Former SEC Chair Levitt Calls for Merging the SEC and CFTC
In a piece in today’s Wall Street Journal, former SEC Chair Arthur Levitt called for the merger of the SEC and CFTC into the Securities Futures Commission with enhanced authority over hedge funds, OTC products and rating agencies. The SFC would also oversee OTC and exchange markets, securities and commodities professionals, mutual funds, corporate reporting, and clearance and settlement systems. Mr. Levitt also believes that boutique investment banks will arise to fill the current void; and should be regulated along global business lines.

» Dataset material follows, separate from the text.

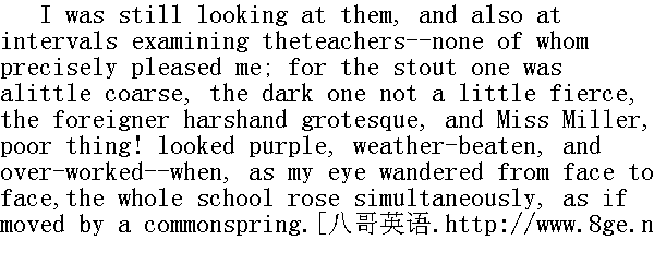 我仍旧打量着她们,间或也仔细审视了一下教师--确切地说没有一个使人赏心悦目。胖胖的一位有些粗俗;黑黑的那个很凶;那位外国人苛刻而怪僻;而米勒小姐呢,真可怜,脸色发紫,一付饱经风霜、劳累过度的样子,我的目光正从一张张脸上飘过时,全校学生仿佛被同一个弹簧带动起来似的,都同时起立了。 What was the matter? I had heard no order given: I was puzzled.Ere I had gathered my wits, the classes were again seated: but asall eyes were now turned to one point, mine followed the generaldirection, and encountered the personage who had received me lastnight. She stood at the bottom of the long room, on the hearth; forthere was a fire at each end; she surveyed the two rows of girlssilently and gravely. Miss Miller approaching, seemed to ask her aquestion, and having received her answer, went back to her place,and said aloud - 这是怎回事,并没有听到谁下过命令,真把人搞糊涂了。我还没有定下神来,各个班级又再次坐下。不过所有的眼睛都转向了一点,我的目光也跟踪大伙所注意的方向,看到了第一天晚上接待我的人,她站在长房子顶端的壁炉边上,房子的两头都生了火,她一声不吭神情严肃地审视着两排姑娘。米勒小姐走近她,好像问了个问题,得到了回答后,又回到原来的地方,人声说道: "Monitor of the first class, fetch the globes!"" 第一班班长,去把地球仪拿来!" While the direction was being executed, the lady consulted movedslowly up the room. I suppose I have a considerable organ ofveneration, for I retain yet the sense of admiring awe with which myeyes traced her steps. Seen now, in broad daylight, she lookedtall, fair, and shapely; brown eyes with a benignant light in theiririds, and a fine pencilling of long lashes round, relieved thewhiteness of her large front; on each of her temples her hair, of avery dark brown, was clustered in round curls, according to thefashion of those times, when neither smooth bands nor long ringletswere in vogue; her dress, also in the mode of the day, was of purplecloth, relieved by a sort of Spanish trimming of black velvet; agold watch (watches were not so common then as now) shone at hergirdle. Let the reader add, to complete the picture, refinedfeatures; a complexion, if pale, clear; and a stately air andcarriage, and he will have, at least, as clearly as words can giveit, a correct idea of the exterior of Miss Temple--Maria Temple, asI afterwards saw the name written in a prayer-book intrusted to meto carry to church. 这个指示正在执行的时候,那位被请示过的小姐馒慢地从房间的一头走过来。我猜想自己专司敬重的器言特别发达,因为我至今仍保持着一种敬畏之情,当时带着这种心情我的目光尾随着她的脚步。这会儿大白天,她看上去高挑个子,皮肤白皙,身材匀称,棕色的眸子透出慈祥的目光、细长似画的睫毛,衬托出了她又白又大的前额,两鬓的头发呈暗棕色,按一流行式洋、束成圆圆的卷发,当时光滑的发辫和长长的卷发,并没有成为时尚。她的服装,也很时髦,紫颜色布料,用一种黑丝绒西班牙饰边加以烘托。一只金表(当时手表不像如今这么普通)在她腰带上闪光。要使这幅画像更加完整,读者们还尽可补充:她面容清丽,肤色苍白却明澈,仪态端庄。这样至少有文字所能清楚表达的范围内,可以得出了坦普尔小姐外貌的正确印象了。也就是玛丽亚.坦普尔,这个名字,后来我是在让我送到教党去的祈祷书上看到的。 The superintendent of Lowood (for such was this lady) having takenher seat before a pair of globes placed on one of the tables,summoned the first class round her, and commenced giving a lesson ongeography; the lower classes were called by the teachers:repetitions in history, grammar, &c., went on for an hour; writingand arithmetic succeeded, and music lessons were given by MissTemple to some of the elder girls. The duration of each lesson wasmeasured by the clock, which at last struck twelve. Thesuperintendent rose - 这位罗沃德学校的校长(这就是这个女士的职务)在放在一张桌上的两个地球仪前面坐了下来,把第一班的人叫到她周围,开始上起地理课来。低班学生被其他教师叫走,反复上历史呀,语法呀等课程,上了一个小时。接着是写作和数学,坦普尔小姐还给大一点的姑娘教了音乐,每堂课是以钟点来计算的,那钟终于敲了十二下,校长站了起来。

In its blueprint for regulatory reform issued earlier this year, the Treasury recommended the merger of the SEC and CFTC in order to provide unified oversight and regulation of the futures and securities industries. According to the blueprint, jegislation merging the CFTC and the SEC should not only call for a structural merger, but also a process to merge regulatory philosophies and harmonize securities and futures regulations and statutes.
In Treasury’s view, a condition precedent to merging the SEC and CFTC would be the harmonization of differences between futures regulation and federal securities regulation, including rules involving margin, segregation, insider trading, insurance coverage for broker-dealer insolvency, customer suitability, short sales, SRO mergers, implied private rights of action, the SRO rulemaking approval process, and the agency’s funding mechanism. Due to the complexities and nuances of the differences in futures and securities regulation, legislation should establish a joint CFTC-SEC staff task force with equal agency representation with the mandate to harmonize these differences. In addition, the task force should be charged with recommending the structure of the merged agency, including its offices and divisions.